- Artist: René Magritte
- Year: 1952
- Medium: Oil on canvas
- Dimensions: 45 cm × 54.7 cm (18 in × 22 in)
- Location: Menil Collection; Houston;

= The Listening Room =

Painting by René Magritte

The Listening Room (French: La Chambre d'Écoute, 1952) is an oil on canvas painting by the Belgian surrealist René Magritte which is currently part of the Menil Collection in Houston, Texas. A later version of the painting (also of the same name) was made in 1958 and is held in a private collection.

Both paintings feature identical (or near-identical) green apples, but place them in different rooms. In the 1952 version, the room has wood flooring and a glass window with white trim. In the 1958 version, this is replaced by a gray brick room with an arched open-air window.

The painting highlights a number of themes common in Magritte's work. Other paintings to prominently feature an apple include The Son of Man (1964), where the apple obscures the face of bowler-hatted man, and This is not an Apple (1964), where an apple is accompanied by the caption "Ceci n'est pas une pomme" ("This is not an apple"). It is also one of many paintings to play with the concept of scale by juxtaposing objects normally of different sizes.

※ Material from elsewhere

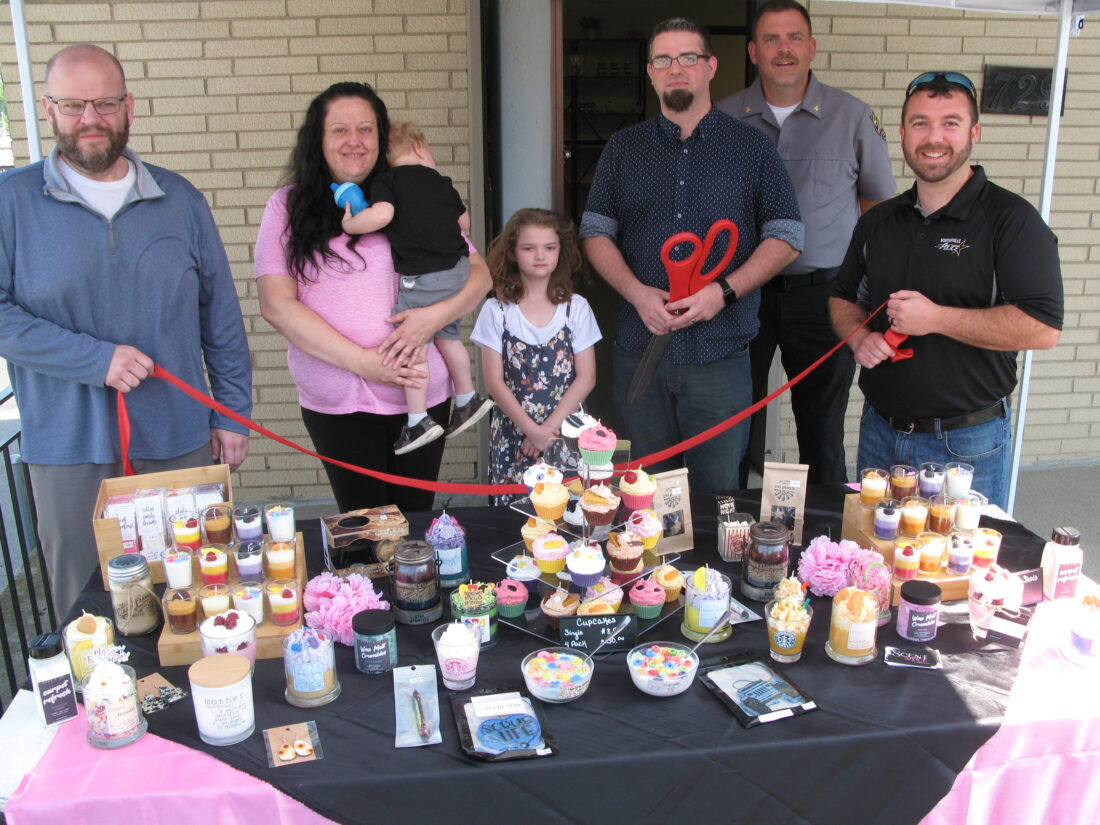TWO IN ONE — Wintersville officials welcomed two new businesses operated by Tim and Kristen Beiber and located at 729 Main St.: the Scent Shack, which offers an assortment of scented candles; and Timages Photography, which offers photography and video production for private or commercial purposes. On hand for the special occasion were, from left, Village Administrator Jessie Kosegi; Kristen, with their son, Braydn and daughter, Shannon, and Tim; Village Police Chief Lou Vandeborne; and Mayor Mike Petrella. (Photo by Warren Scott)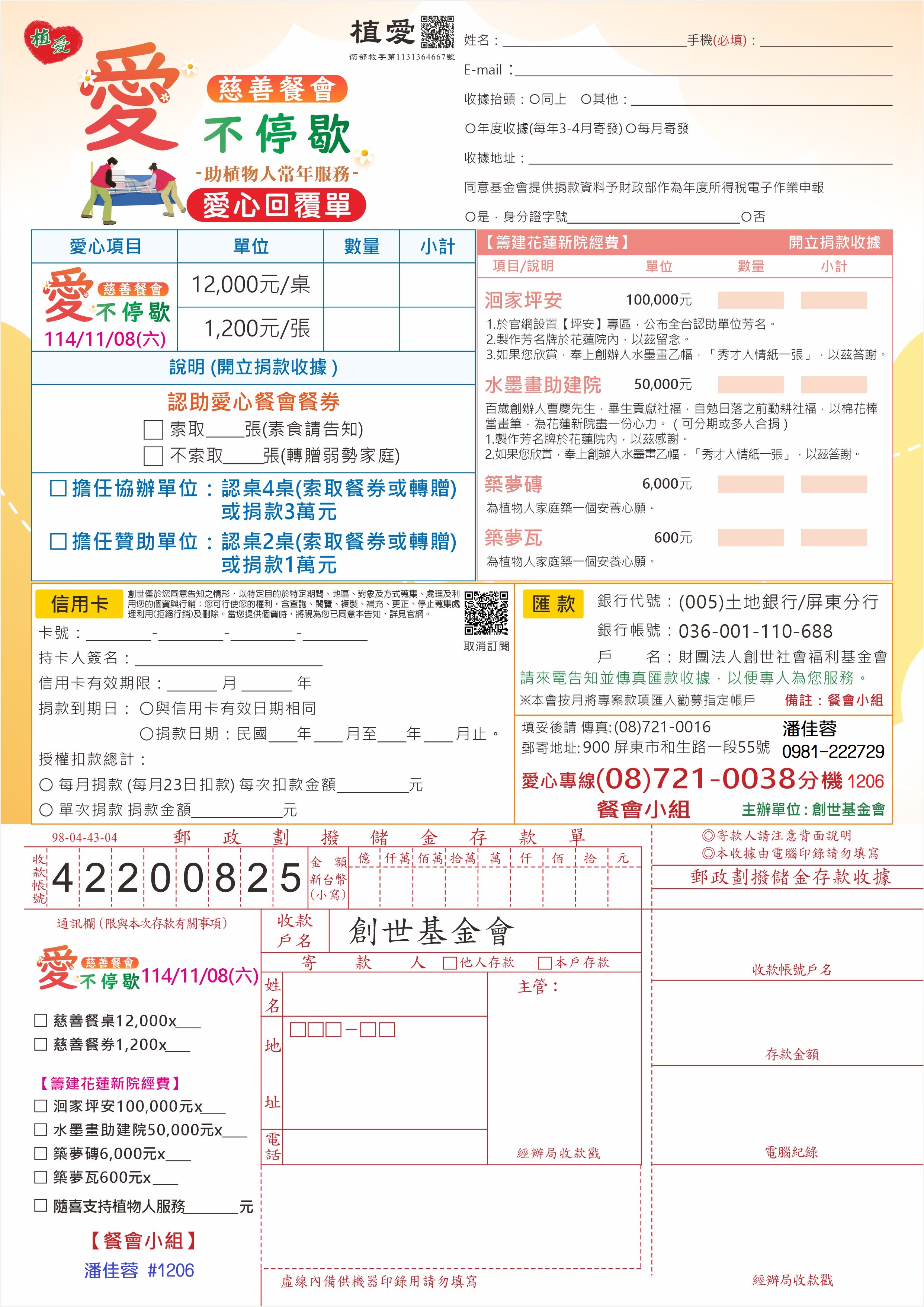 ♫助建花蓮新院暨植物人常年服務♫(開立捐款收據)

In Elective Affinities (1933) an egg is pictured filling a birdcage, in The Tomb of the Wrestlers (1961) a red rose fills a room and in Personal Values (1951–52) common household objects such as a comb, a glass and a bar of soap dwarf the usual furniture in a bedroom.

The 1958 reproduction of the painting was used for the 1969 album cover of Beck-Ola by The Jeff Beck Group.

It was also used in "Heart Attack" by Loona (specifically Chuu's solo) as an interactive scenario.